On Thu, Jul 31, 2008 at 10:02 PM, Robert Kern <[EMAIL PROTECTED]> wrote:
> On Thu, Jul 31, 2008 at 05:43, Andrew Dalke <[EMAIL PROTECTED]> wrote:
>> On Jul 31, 2008, at 12:03 PM, Robert Kern wrote:
>
>>> But you still can't remove them since they are being used inside
>>> numerictypes. That's why I labeled them "internal utility functions"

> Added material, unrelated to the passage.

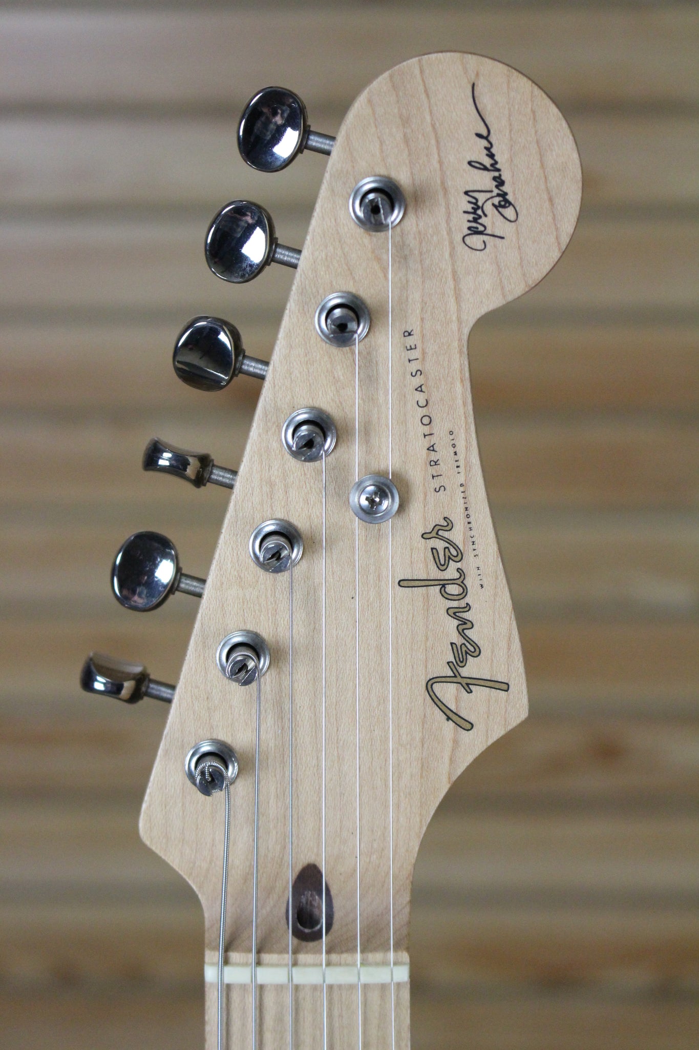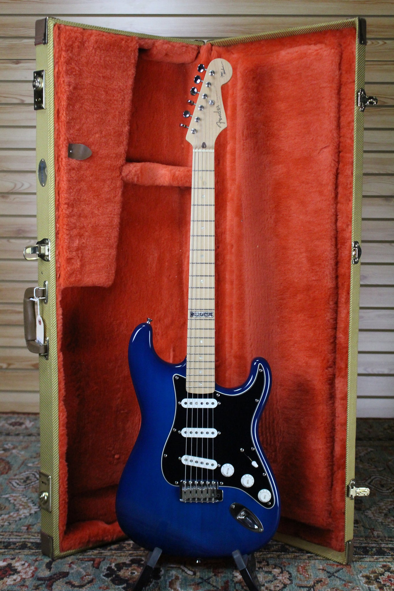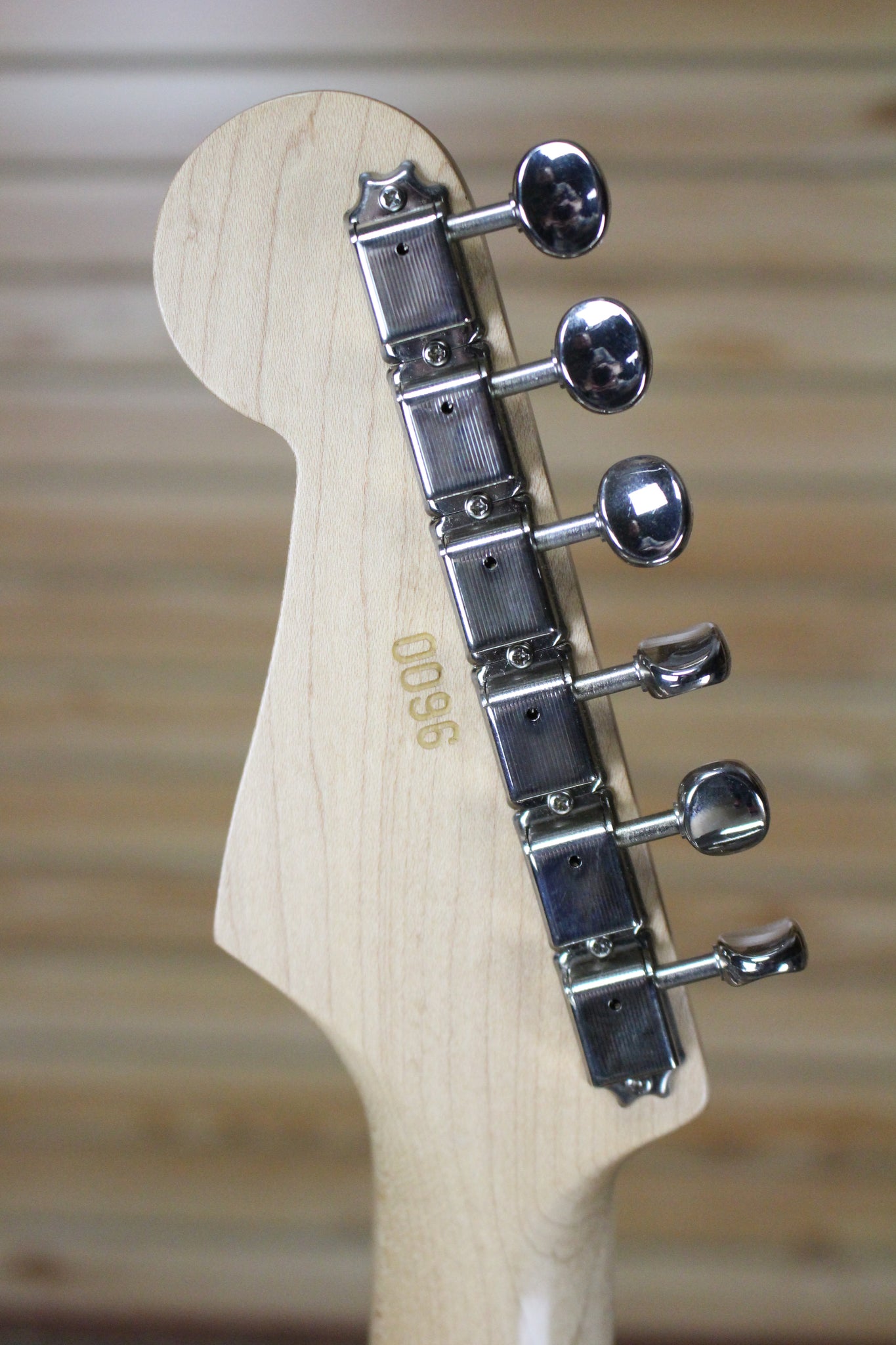 Pickups/Hardware: Neck & Middle: Seymour Duncan APS-2 (Alnico II) single coils, Bridge: Seymour Duncan Tele-style Strat-sized pickup (middle tone pot becomes a 2-way switch that adds the neck pickup in the 2 and 4 positions (for all-on in those) with the "4" position having a further altered tone cap, all stock), blue sparkle pickguard, vintage style tuning keys, vintage style bridge, white plastic knobs, bone nut.

>>> instead of leaving them with minimal docstrings such that you would
>>> have to guess.
>>
>> My proposal is to replace that code with a table mapping
>> the type name to the uppercase/lowercase/capitalized forms,
>> thus eliminating the (small) amount of time needed to
>> import string.
>>
>> It makes adding new types slightly more difficult.
>>
>> I know it's a tradeoff.
>
> Probably not a bad one. Write up the patch, and then we'll see how
> much it affects the import time.
>
> I would much rather that we discuss concrete changes like this rather
> than rehash the justifications of old decisions. Regardless of the
> merits about the old decisions (and I agreed with your position at the
> time), it's a pointless and irrelevant conversation. The decisions
> were made, and now we have a user base to whom we have promised not to
> break their code so egregiously again. The relevant conversation is
> what changes we can make now.
>
> Some general guidelines:
>
> 1) Everything exposed by "from numpy import *" still needs to work.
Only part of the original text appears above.